No processo de recuperação dos fatos, na memória de longo prazo, “em geral, recordamos fragmentos e completamos os detalhes com suposições lógicas. Eventualmente, geramos respostas precisas que com frequência não são exatas [...]” (DAVIDOFF, 2001, p. 216). Mais uma vez, a formação de suposições lógicas também não se distancia do subjetivismo do indivíduo, por tal razão, os detalhes, quando oriundos de uma prova testemunhal, malgrado por vezes essenciais para a resolução do caso penal, devem ser observados com desconfiança por parte do julgador, já que a neutralidade não é característica intrínseca ao ser humano, visto que a própria estrutura biológica, no processo de recuperação de dados, conta com a memória criativa que preenche os espaços dos fragmentos com informações conjecturais. Sobre esse ponto, adverte STEIN et al. (2010, p. 37):

Com frequência utilizamos o fato de lembrarmos algo com vividez e certeza de ter ocorrido como um argumento ou até mesmo uma indicação inexorável de que nossa memória retrata um fato que realmente aconteceu dessa forma. Dificilmente contra- argumentamos com alguém que lembra de um evento com certeza absoluta e com riqueza de detalhes. Todavia, o avanço das pesquisas sobre FM demonstra que o ser humano é capaz de lembrar, de forma espontânea ou sugerida, eventos que nunca aconteceram, instiga a questionarmos sobre os limites entre o falso e o verdadeiro.

Mediante diversos experimentos e registros anteriores na literatura médica, DAVIDOFF (2001, p. 216) traz as seguintes observações:

Uma extensa série de cuidadosos estudos de laboratório conduzidos por James Jenkins (1981) e seus colaboradores sugere que nossas memórias visuais são muito semelhantes à nossa memória de fatos. Formamos alguma idéia de um evento total e depois a completamos com fragmentos que recordamos e com conhecimentos gerais.

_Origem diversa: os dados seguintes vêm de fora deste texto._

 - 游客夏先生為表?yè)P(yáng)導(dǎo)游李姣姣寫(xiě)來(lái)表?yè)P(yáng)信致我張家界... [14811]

O produto final é coerente e lógico, mas não necessariamente acurado.

Por meio de estudos pautados na recuperação das memórias, especialmente dirigidos pelo psicólogo inglês Frederick Bartlett, por meio dos quais era solicitado aos participantes que analisassem ilustrações, histórias, entre outras itens, e posteriormente, às vezes anos após, reproduzissem o quanto apreendido (DAVIDOFF, 2001, p. 216 e 2017 apud BARTLETT, 1950), constatou-se que:

Em geral, as pessoas retêm elementos comumente encontrados, que podem ser chamados de marcos. Elas acrescentam detalhes a esses marcos e os atualizam, resumem e simplificam. Além disso, elas juntam os fios da meada de forma lógica. Em resumo, elas reconstroem o material com base em seu conhecimento e expectativas. O mais curioso é que os seres humanos quase não têm consciência de estar fazendo tudo isso.

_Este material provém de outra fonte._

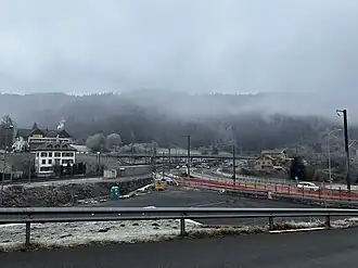 In 1877, a train station on the line Wädenswil–Einsiedeln railway was built, carrying the name of the village. Fourteen years later, the Südostbahn established the line Pfäffikon–Arth-Goldau railway line, and Biberbrugg became an important junction station. Around the train station, a settlement in the municipality of Einsiedeln was established on the southern side of the Biber river. Later, the motorway St. Gallen–Rapperswil–Schwyz–Ingenbohl on the western side of the river was built; this part of the village belongs to the municipality of Feusisberg.
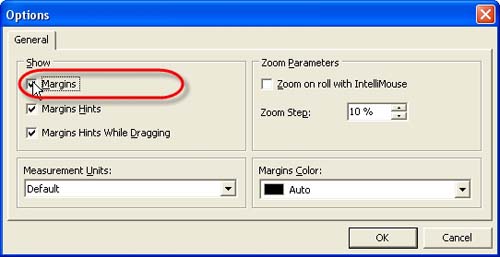 If you don't need margins on your page, go to main menu command [File -> Options:] and uncheck "Margins" checkbox or use [View -> Margins] main menu command.
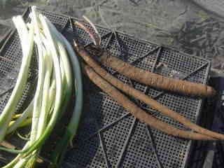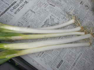 十国ねぎとなべちゃんねぎ 上2本が十国、下太く短い3本がなべちゃん 以下同様
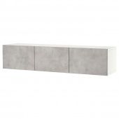 Благодаря слегка текстурированной поверхности фасад КЭЛЛЬВИКЕН напоминает бетон.Чтобы подчеркнуть современный и лаконичный стиль интерьера, тумбу под ТВ БЕСТО можно закрепить на стене. Дополнительный плюс — ножки не будут мешать уборке.Благодаря нескольким отверстиям на задней панели тумбы под ТВ провода от телевизора и других устройств всегда будут под рукой, но не на виду.Специальное отверстие в верхней панели обеспечит удобное и компактное размещение проводов.Съемные полки позволяют регулировать пространство.Вы можете использовать нажимной механизм или устройство для плавного закрывания. В первом варианте для открывания дверцы достаточно слегка нажать на нее. А во втором – гарантировано плавное и бесшумное закрывание.Организуйте и оптимизируйте систему для хранения БЕСТО, используя подходящие коробки и вставки.Мы рекомендуем, чтобы тумба была немного шире, чем установленный на ней телевизор. Эта тумба подходит для телевизора до 72 дюймов. Вы можете выбрать телевизор большего размера, если он не тяжелее указанной максимальной нагрузки на верхнюю панель тумбы.Верхняя панель этой тумбы предназначена для телевизора весом макс. 50 кг.Если вы выберете функцию плавного закрывания, рекомендуем дополнить фасады ручками, чтобы открывать ящики/шкафы было удобнее.Максимальная нагрузка на закрепленный на стене модуль зависит от материала стены.Для различного типа стен требуются разные виды креплений. Выберите подходящие для ваших стен шурупы, дюбели, саморезы и т. п. (не прилагаются).Стоящая на полу тумба под ТВ должна быть закреплена к стене с помощью прилагающего стенного крепежа.Материалы и уход

A prova testemunhal se funda na recuperação de memórias, na tentativa de reconstrução dos fatos pretéritos, o que é feito sob o viés do observador, o qual imprime, ainda que involuntariamente, suas expectativas, bem como expõe as informações com base no conhecimento obtido ao longo da vida, não sendo absurdo considerar que no depoimento prestado estejam embutidos os próprios juízos de valor desse indivíduo.

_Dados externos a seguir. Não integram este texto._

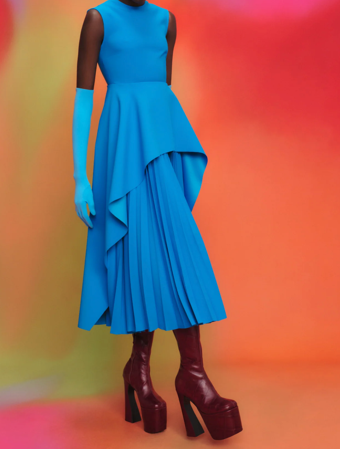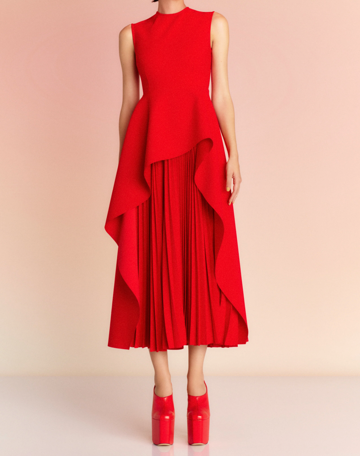 sleeveless peplum dress with layered pleated skirt – MARIGOLD

As memórias podem ainda ser classificadas, conforme o seu conteúdo, em declarativas e procedurais. As memórias declarativas seriam aquelas que “[...] registram fatos, eventos ou conhecimentos [...]” (IZQUIERDO, 2014, n.p). Dentre as memórias declarativas, “[...] as referentes a eventos aos quais assistimos ou dos quais participamos denominam-se episódicas ou autobiográficas; as de conhecimentos gerais, semânticas.” (IZQUIERDO, 2014, n.p). Segundo DAVIDOFF (2001, p. 224), “Marigold Linton descobriu que, com a repetição, memórias episódicas são transformadas em semânticas.”.